### Exercise brief
Omit pictures and quote the listing below line by line, from its start through the line that holds "En rolig og".

### Data block

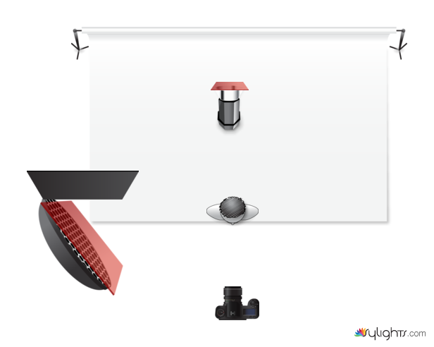 grey backdrop, v stand used as a gobo. backlight placed at the bottom of the floor. gel placed on the main light is red. gel placed on backlight is magenta
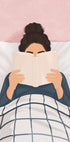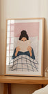En rolig og hyggelig illustration af en kvinde, der læser i sengen foran en lys rosa væg. Værket udstråler ro, selvpleje og varme — ideelt til soveværelser, læsehjørner og andre afslappede rum.
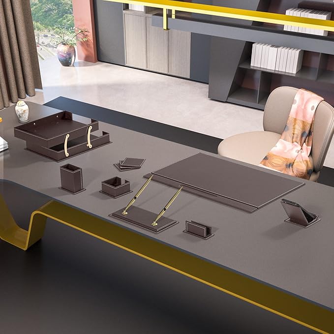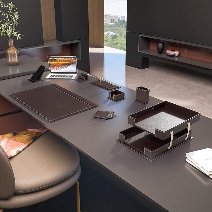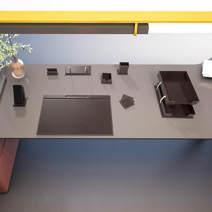 MOOGCO Bonded Set - Desk Accessories - Leather Desk Organizer - Bonded Leather Set - Office Desk Accessories - Home Office Accessories - Desk Supplies - Leather Desk Set - Office Accessories
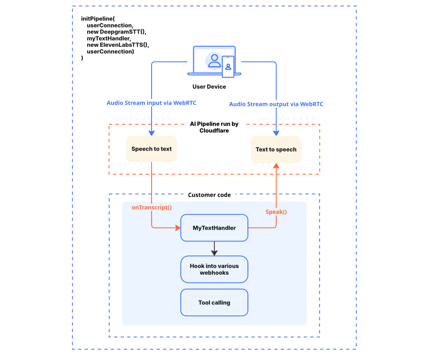 管道编排(如:Deepgram STT → 自定义文本处理 Handler → ElevenLabs TTS)

### Answer
 grey backdrop, v stand used as a gobo. backlight placed at the bottom of the floor. gel placed on the main light is red. gel placed on backlight is magenta
En rolig og hyggelig illustration af en kvinde, der læser i sengen foran en lys rosa væg. Værket udstråler ro, selvpleje og varme — ideelt til soveværelser, læsehjørner og andre afslappede rum.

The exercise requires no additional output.